Stored items from a collection:
———

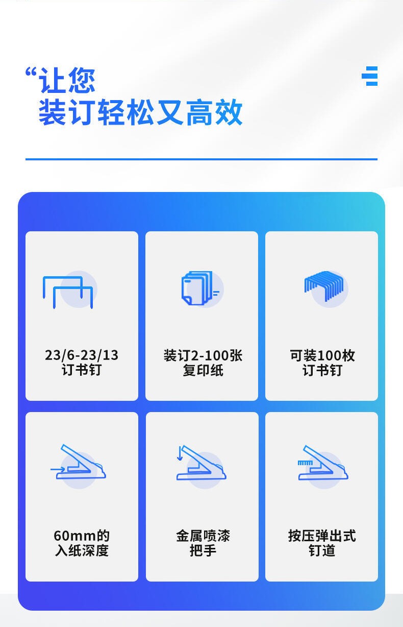 得力订书机大号 财务用加厚重型订书器 办公用厚层大型长臂大码省力型订书机 0486 可订120页
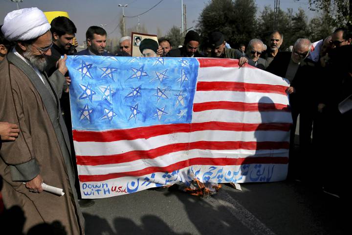 Iran’s state TV on Saturday showed government supporters rallying a day after the foreign minister said a U.S. move to call an emergency U.N. Security Council meeting to discuss anti-government protests was another Trump administration “blunder.”
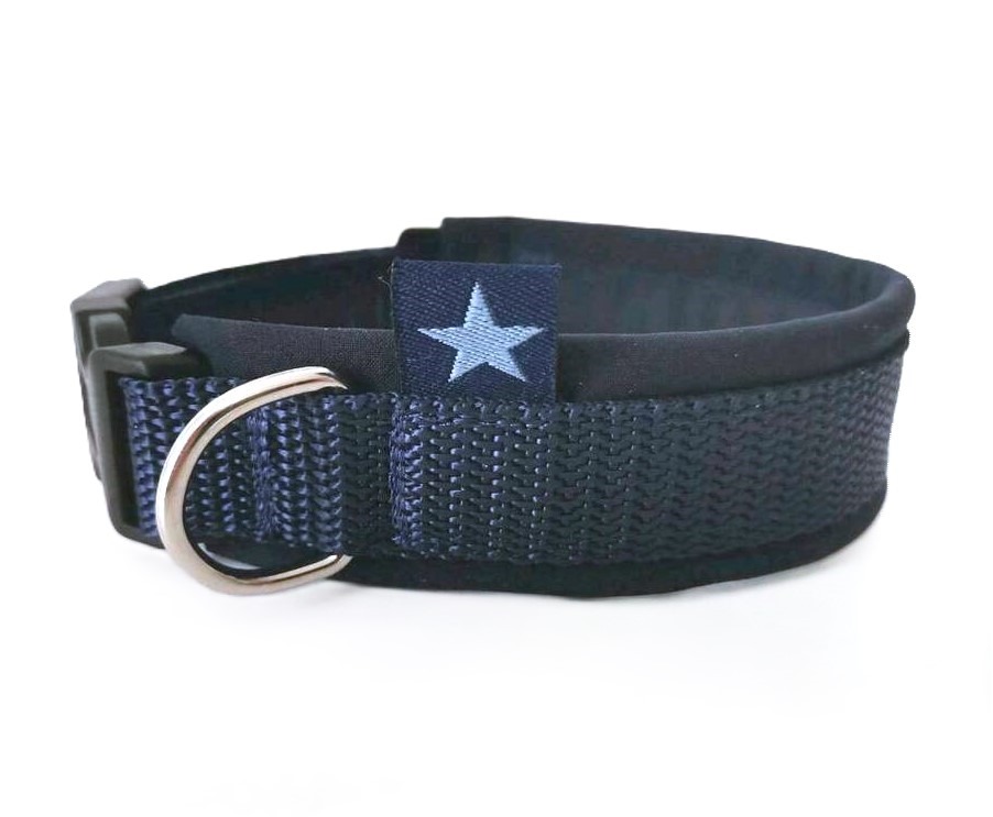 dieses tolle Hundehalsband besteht aus dunkelblauen Gurtband und Web band, gepolstert ist es mit dunkelblauen Softshell.
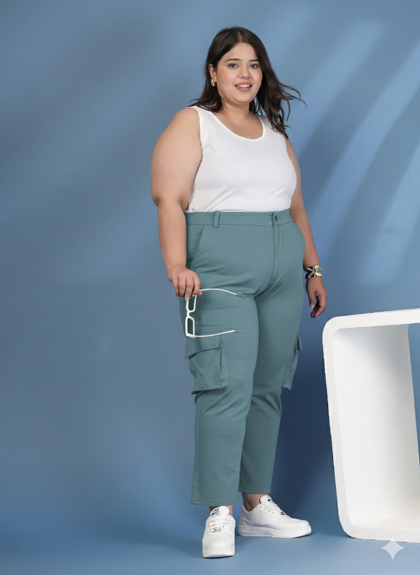 Plus Size Women Solid Mid Rise Regular Fit Cargo Trousers
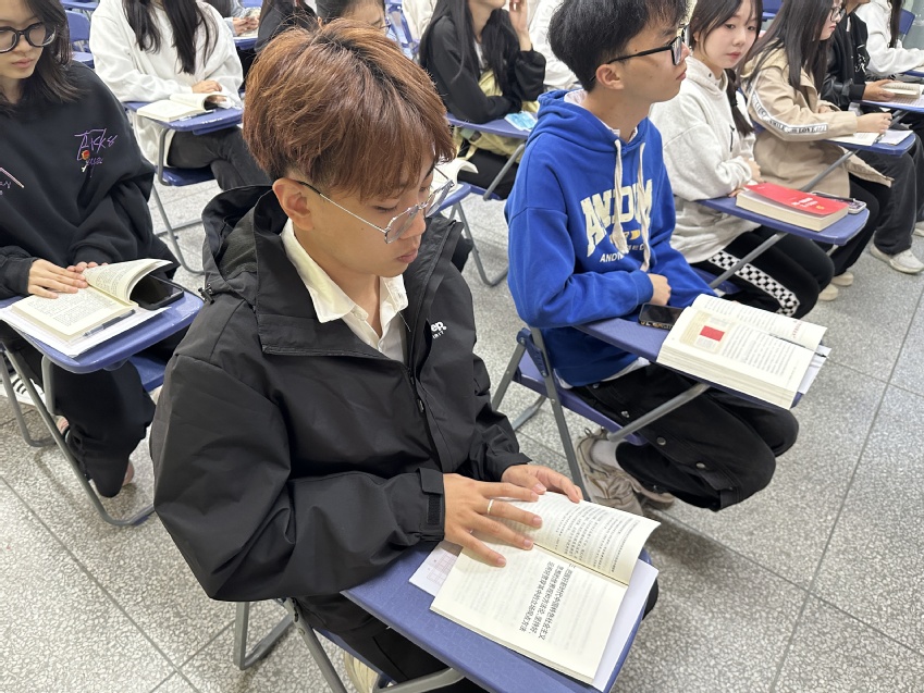 活动中,同学们在学习《习近平著作选读》、《习近平新时代中国特色社会主义思想专题摘编》、《论党的青年工作》等著作重点篇目后,分享了自己对习近平新时代中国特色社会主义思想的理解和认识,从不同的角度入手,深入探讨了这一思想的时代背景、核心要义、实践路径等。通过书中生动鲜活的案例结合自我解析,使同学们更加全面地了解这一思想的重要性和影响力。
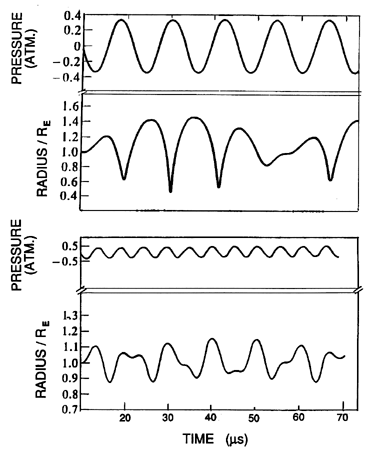 Though we imply that these three situations follow with increasing amplitude, it is important to note that other factors are important in determining the kind of response that will occur for a given oscillating pressure field. One of the factors is the relationship between the frequency, ω, of the imposed oscillations and the natural frequency, ωN, of the bubble. Sometimes this is characterized by the relationship between the equilibrium radius of the bubble, RE, in the absence of pressure oscillations and the size of the hypothetical bubble, RR, which would resonate at the imposed frequency, ω. Another important factor in determining whether the response is stable or transient is the relationship between the pressure oscillation amplitude,
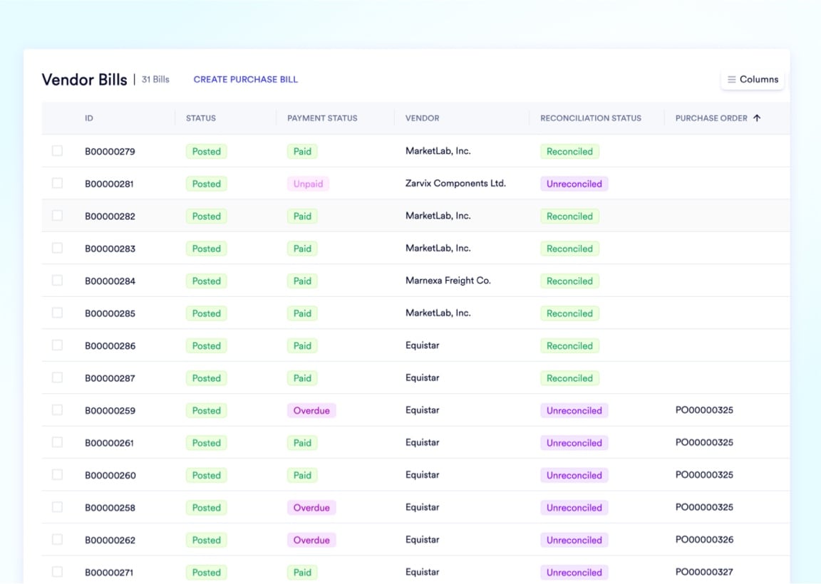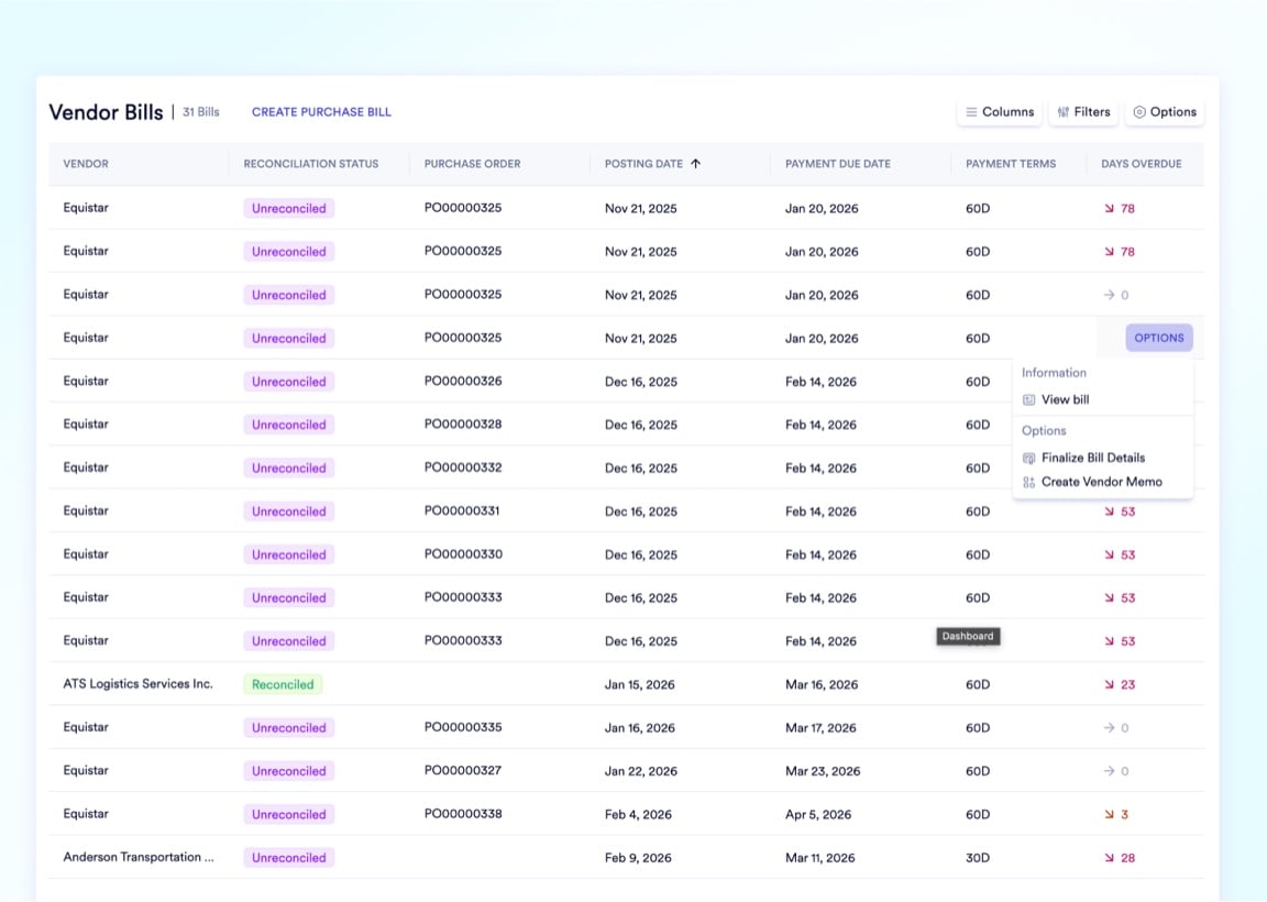 Bills enter your AP dashboard with full vendor, amount, and term data. Expand any bill to match it against the originating Purchase Order and Goods Receipt for instant 3-way verification.

———

Task objective: Set down exactly, and only, the lines from the one holding "dieses tolle Hundehalsband" to the end of the records above, leaving every picture out.

Task result:
 dieses tolle Hundehalsband besteht aus dunkelblauen Gurtband und Web band, gepolstert ist es mit dunkelblauen Softshell.
 Plus Size Women Solid Mid Rise Regular Fit Cargo Trousers
 活动中,同学们在学习《习近平著作选读》、《习近平新时代中国特色社会主义思想专题摘编》、《论党的青年工作》等著作重点篇目后,分享了自己对习近平新时代中国特色社会主义思想的理解和认识,从不同的角度入手,深入探讨了这一思想的时代背景、核心要义、实践路径等。通过书中生动鲜活的案例结合自我解析,使同学们更加全面地了解这一思想的重要性和影响力。
 Though we imply that these three situations follow with increasing amplitude, it is important to note that other factors are important in determining the kind of response that will occur for a given oscillating pressure field. One of the factors is the relationship between the frequency, ω, of the imposed oscillations and the natural frequency, ωN, of the bubble. Sometimes this is characterized by the relationship between the equilibrium radius of the bubble, RE, in the absence of pressure oscillations and the size of the hypothetical bubble, RR, which would resonate at the imposed frequency, ω. Another important factor in determining whether the response is stable or transient is the relationship between the pressure oscillation amplitude,
 Bills enter your AP dashboard with full vendor, amount, and term data. Expand any bill to match it against the originating Purchase Order and Goods Receipt for instant 3-way verification.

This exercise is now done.